On Mon, Feb 27, 2012 at 4:40 PM, Jonas Sicking <jonas@sicking.cc> wrote:
> On Mon, Feb 27, 2012 at 11:36 PM, Eric U <ericu@google.com> wrote:
>>>> One working subset would be:
>>>>
>>>> * Keep createFileWriter async.
>>>> * Make it optionally exclusive [possibly by default].  If exclusive,
>>>> its length member is trustworthy.  If not, it can go stale.
>>>> * Add an append method [needed only for non-exclusive writes, but
>>>> useful for logs, and a safe default].
>>>
>>> This sounds great to me if we make it exclusive by default and remove
>>> the .length member for non-exclusive writers. Or make it return
>>> null/undefined.
>>
>> I like exclusive-by-default.  Of course, that means that by default
>> you have to remember to call close() or depend on GC, but that's
>> probably OK.  I'm less sure about .length being unusable on
>> non-exclusive writers, but it's growing on me.  Since by default
>> writers would be exclusive, length would generally work just the same
>> as it does now.  However, if it returns null/undefined in the
>> nonexclusive case, users might accidentally do math on it (if (length
>>> 0) => false), and get confused.  Perhaps it should throw?
>>
>> Also, what's the behavior when there's already an exclusive lock, and
>> you call createFileWriter?  Should it just not call you until the
>> lock's free?  Do we need a trylock that fails fast, calling
>> errorCallback?  I think the former's probably more useful than the
>> latter, and you can always use a timer to give up if it takes too
>> long, but there's no way to cancel a request, and you might get a call
>> far later, when you've forgotten that you requested it.
>>
>>> However this brings up another problem, which is how to support
>>> clients that want to mix read and write operations. Currently this is
>>> supported, but as far as I can tell it's pretty awkward. Every time
>>> you want to read you have to nest two asynchronous function calls.
>>> First one to get a File reference, and then one to do the actual read
>>> using a FileReader object. You can reuse the File reference, but only
>>> if you are doing multiple reads in a row with no writing in between.
>>
>> I thought about this for a while, and realized that I had no good
>> suggestion because I couldn't picture the use cases.  Do you have some
>> handy that would help me think about it?
>
> Mixing reading and writing can be something as simple as increasing a
> counter somewhere in the file. First you need to read the counter
> value, then add one to it, then write the new value. But there's also
> more complex operations such as reordering a set of blocks to
> "defragment" the contents of a file. Yet another example would be
> modifying a .zip file to add a new file. When you do this you'll want
> to first read out the location of the current zip directory, then
> overwrite it with the new file and then the new directory.

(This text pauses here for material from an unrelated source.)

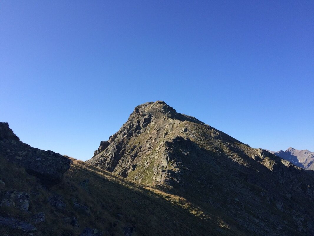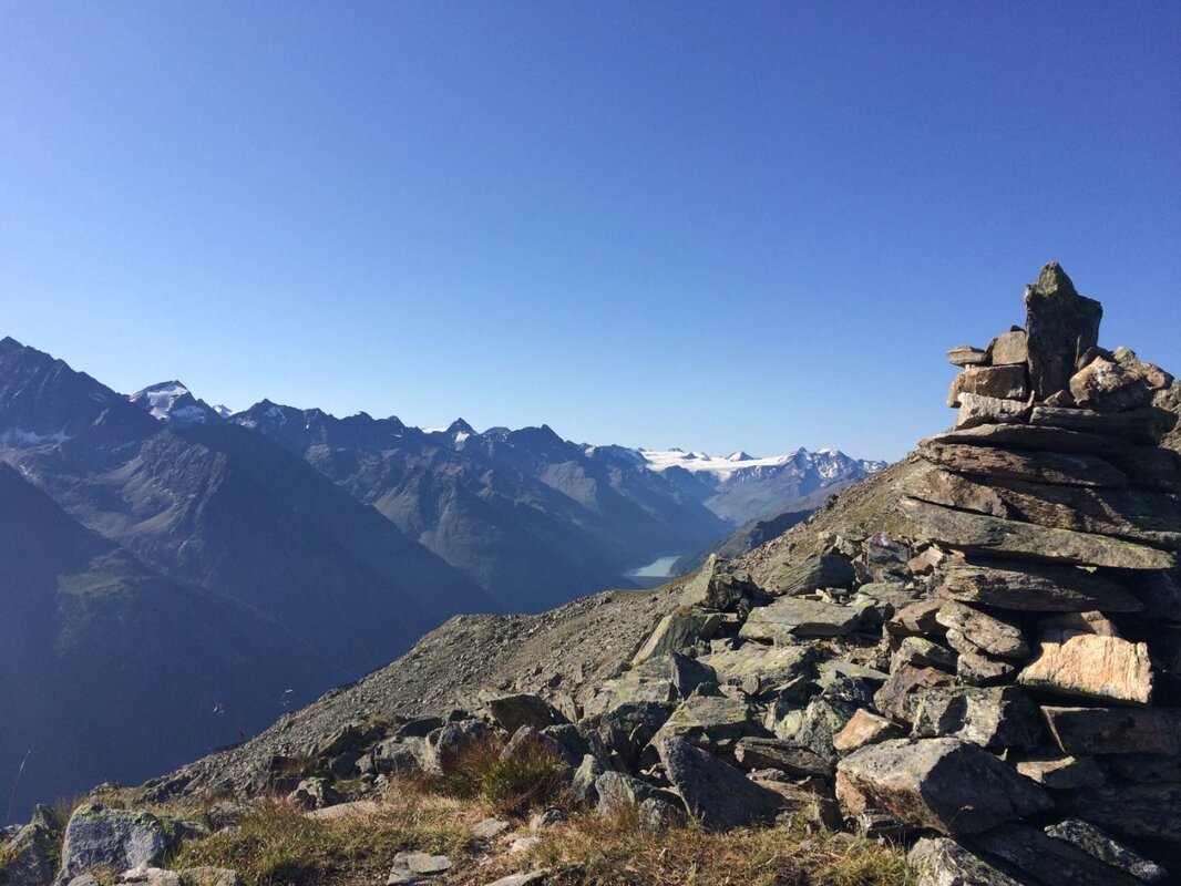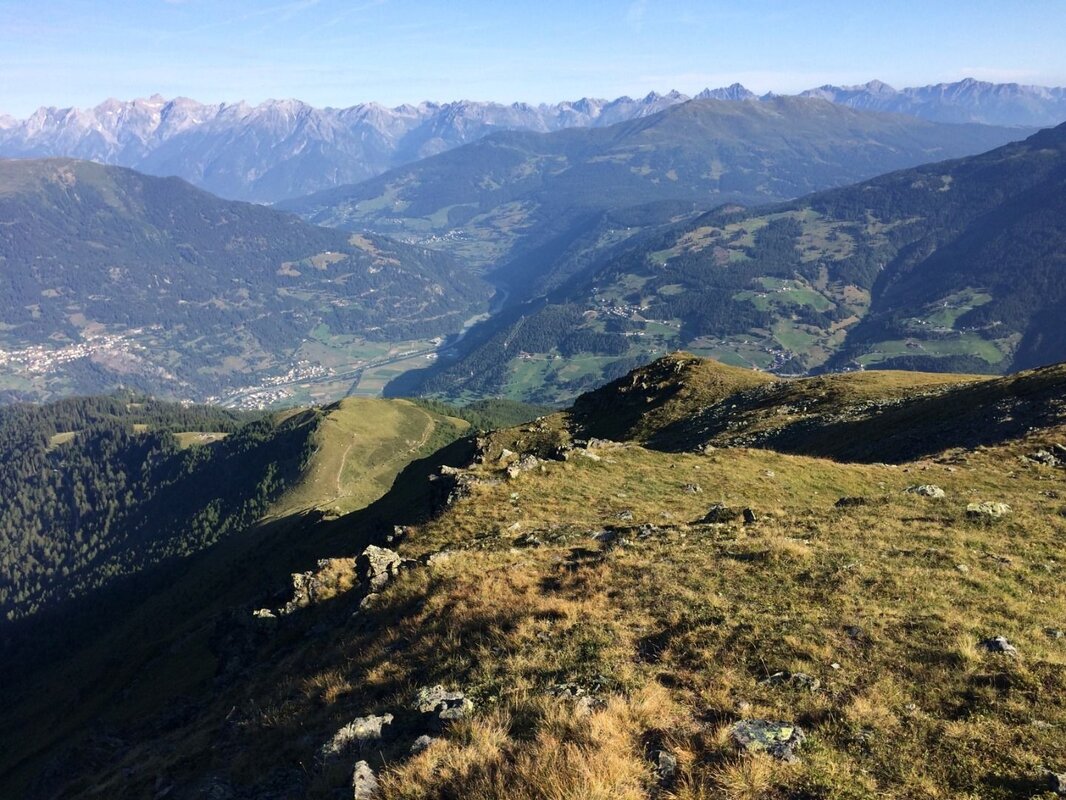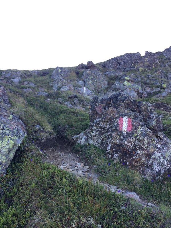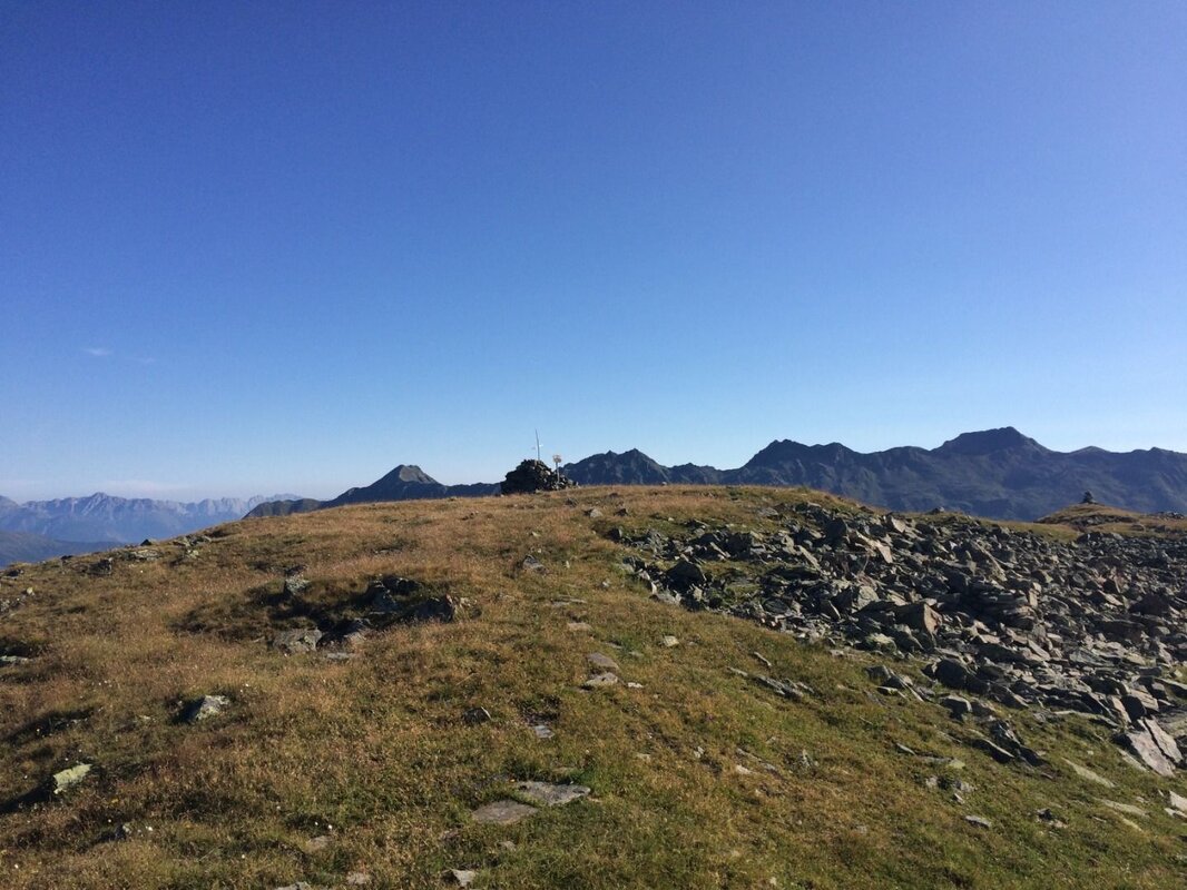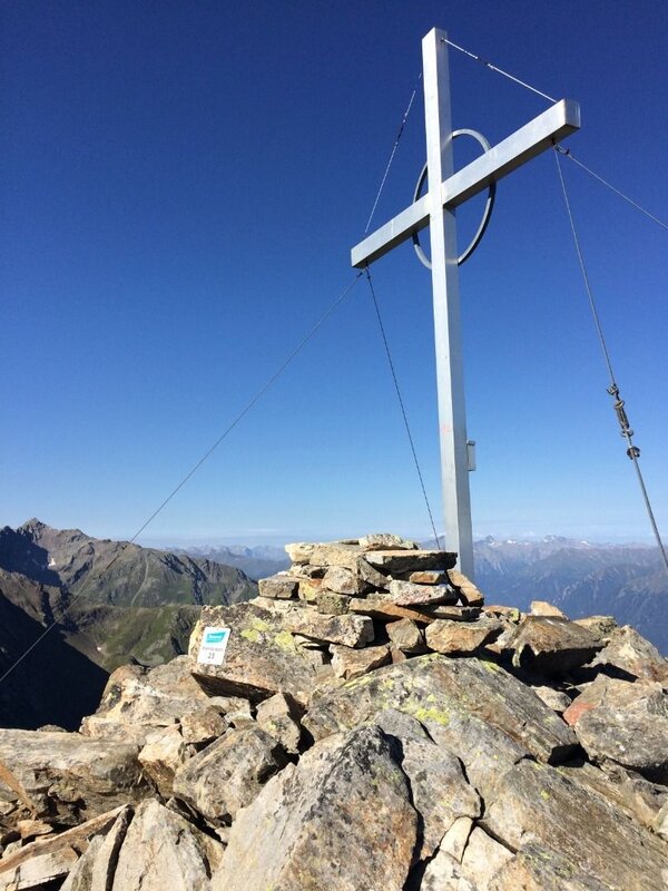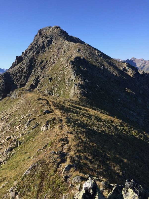 Folgt man den Markierungen nach rechts, erreicht man in einer ansteigenden Querung den Gratrücken zwischen den Gipfeln. Hier wird man von einer beeindruckenden Aussicht auf den gegenüberliegenden Gebirgszug - den Kaunergrat - belohnt.

That helps, thanks.  So we'll need to be able to do efficient
(read[-modify-write]*), and we'll need to hold the lock for the reads
as well as the writes.  The lock should prevent any other writes
[exclusive or not], but need not prevent unlocked reads.

> We sat down and did some thinking about these two issues. I.e. the
> locking and the read-write-mixed issue. The solution is good news and
> bad news. The good news is that we've come up with something that
> seems like it should work, the bad news is that it's a totally
> different design from the current FileReader and FileWriter designs.

Hmm...it's interesting, but I don't think we necessarily have to scrap
FR and FW to use it.

Here's a modified version that uses the existing interfaces:

interface LockedReaderWriter : FileReader, FileWriter {
	[all the FileReader and FileWriter members]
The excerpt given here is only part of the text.